[MATERIAL FOR THE TASK]:

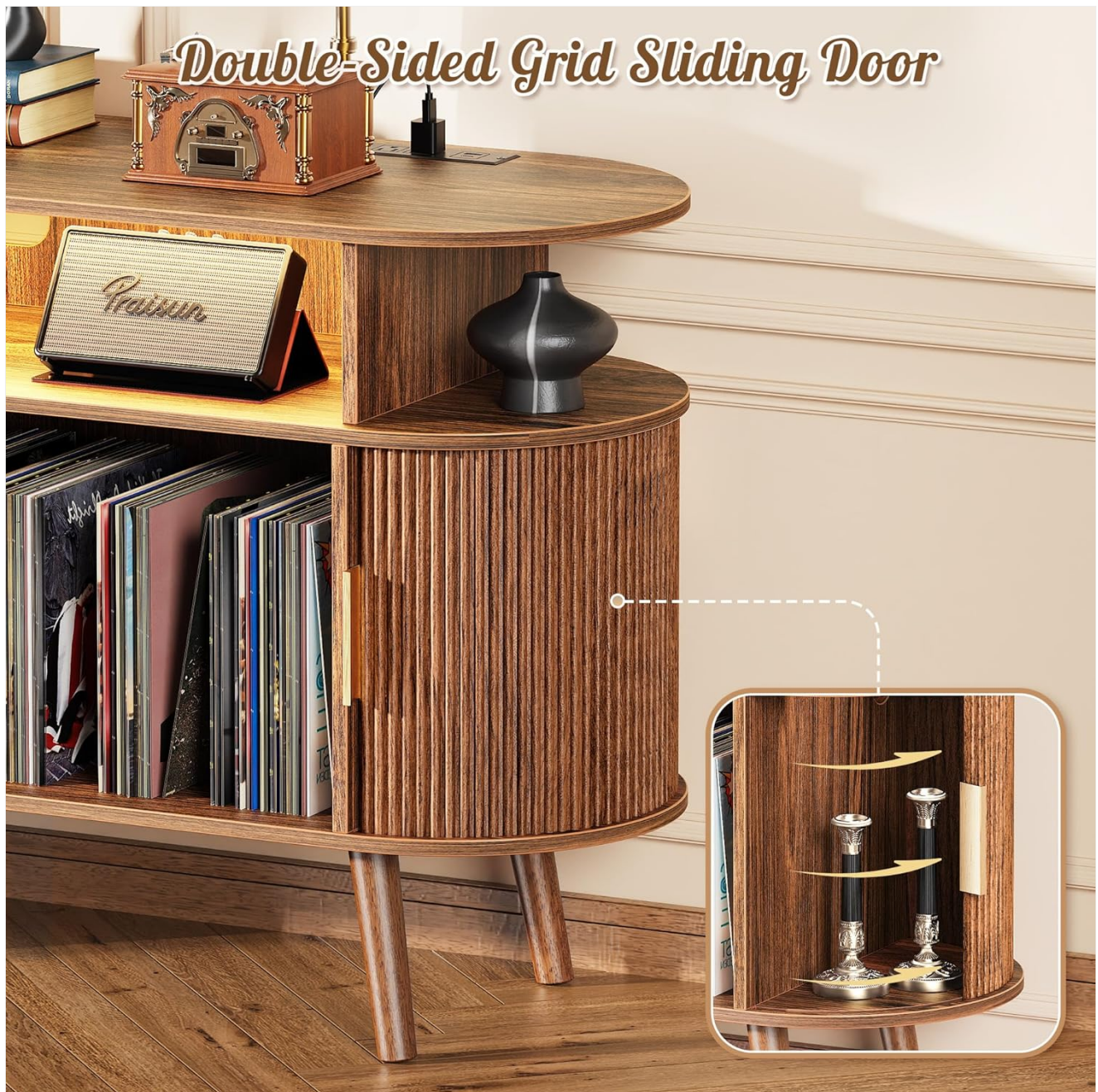
Figure 6: Detail of the double-sided grid sliding door and cabinet interior.
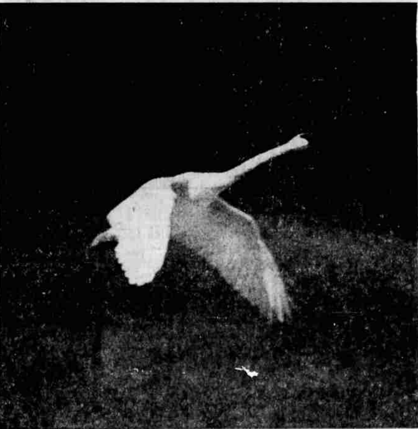
A SWAN IN FLIGHT is a beautiful sight as he soars high over the marshes and grasslands of the Basin, his high, flutelike call carrying for miles as he sweeps by overhead. Hunters are again cautioned to take an extra look before shooting to make sure they are not mistaking this big, majestic bird for the smaller snow goose which is legal fare for the scattergunner. The swan is marked not only by his great size but by black feet and bill and the absence of the black wing tips of the snow goose. This bird was snapped in flight over the Red Rock area in Montana. The big birds use almost all water areas of the Basin at this time of year.
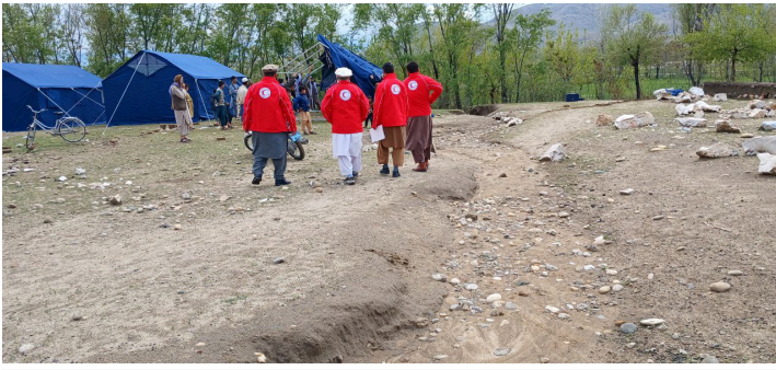
ARCS on the ground, carrying out rapid assessments and providing relief aid in the affected areas.
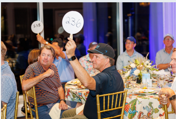
Generous donors raised their paddles to support Cancer Care in Los Gatos
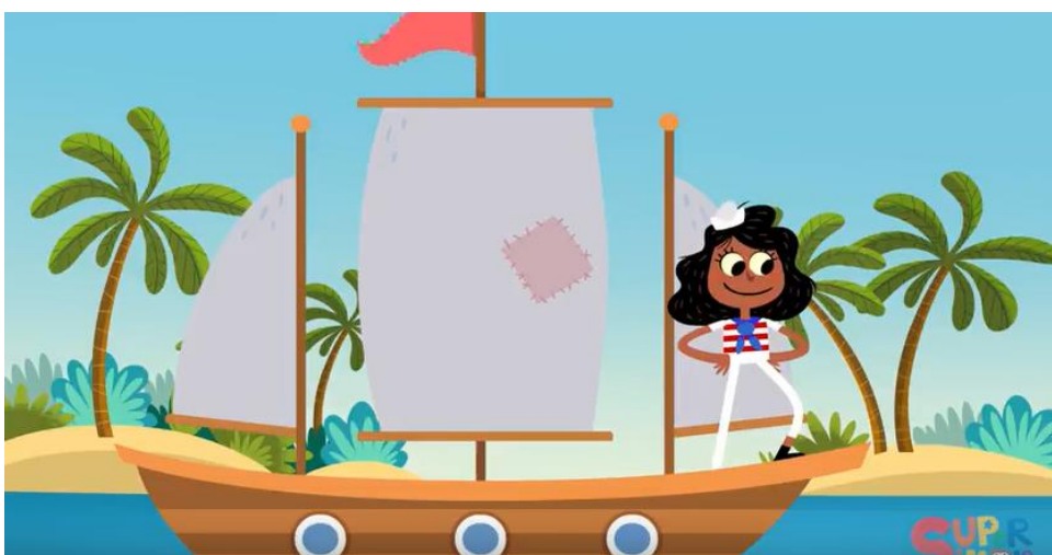
A sailor went to sea - https://www.youtube.com/watch?v=nFxAiWkSePk
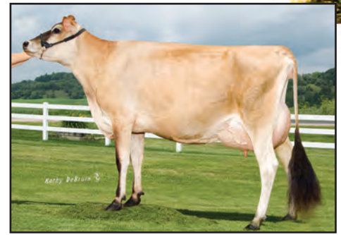
Sold in the 2009 Pot O'Gold Sale Jars of Clay latola 16710 2751, VG-87% 2-3 305 3x 20,230 4.6% 924 3.6% 727
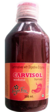
CARMINATIVE MIXTURE WITH DIGESTIVE ENZYMES
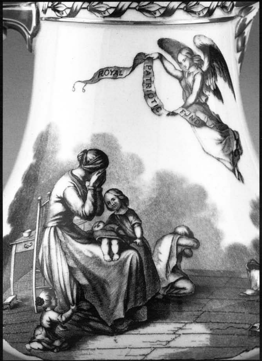
FIGURE 2: Detail of Transfer Print on Porcelain Jug, Staffordshire, c. 1855, showing a grieving widow during the Crimean War (Private collection).

through both television coverage and subsequent photography of the aftermath (fig. 8). Although this fragment of the great wreckage was indeed a powerful physical artifact of the destruction, Erickson drew a parallel with a technique used 200 years earlier by Josiah Wedgwood. Erickson's choice of jasper as the medium for this work has significance beyond the symbolic comparison with Wedgwood's ruined column.

[TASK ITEM]:
An exact copy is needed of only the lines from the top of the material through the line with "FIGURE 2: Detail"; no pictures belong in it.

[PROBLEM SOLUTION]:
Figure 6: Detail of the double-sided grid sliding door and cabinet interior.
A SWAN IN FLIGHT is a beautiful sight as he soars high over the marshes and grasslands of the Basin, his high, flutelike call carrying for miles as he sweeps by overhead. Hunters are again cautioned to take an extra look before shooting to make sure they are not mistaking this big, majestic bird for the smaller snow goose which is legal fare for the scattergunner. The swan is marked not only by his great size but by black feet and bill and the absence of the black wing tips of the snow goose. This bird was snapped in flight over the Red Rock area in Montana. The big birds use almost all water areas of the Basin at this time of year.
ARCS on the ground, carrying out rapid assessments and providing relief aid in the affected areas.
Generous donors raised their paddles to support Cancer Care in Los Gatos
A sailor went to sea - https://www.youtube.com/watch?v=nFxAiWkSePk
Sold in the 2009 Pot O'Gold Sale Jars of Clay latola 16710 2751, VG-87% 2-3 305 3x 20,230 4.6% 924 3.6% 727
CARMINATIVE MIXTURE WITH DIGESTIVE ENZYMES
FIGURE 2: Detail of Transfer Print on Porcelain Jug, Staffordshire, c. 1855, showing a grieving widow during the Crimean War (Private collection).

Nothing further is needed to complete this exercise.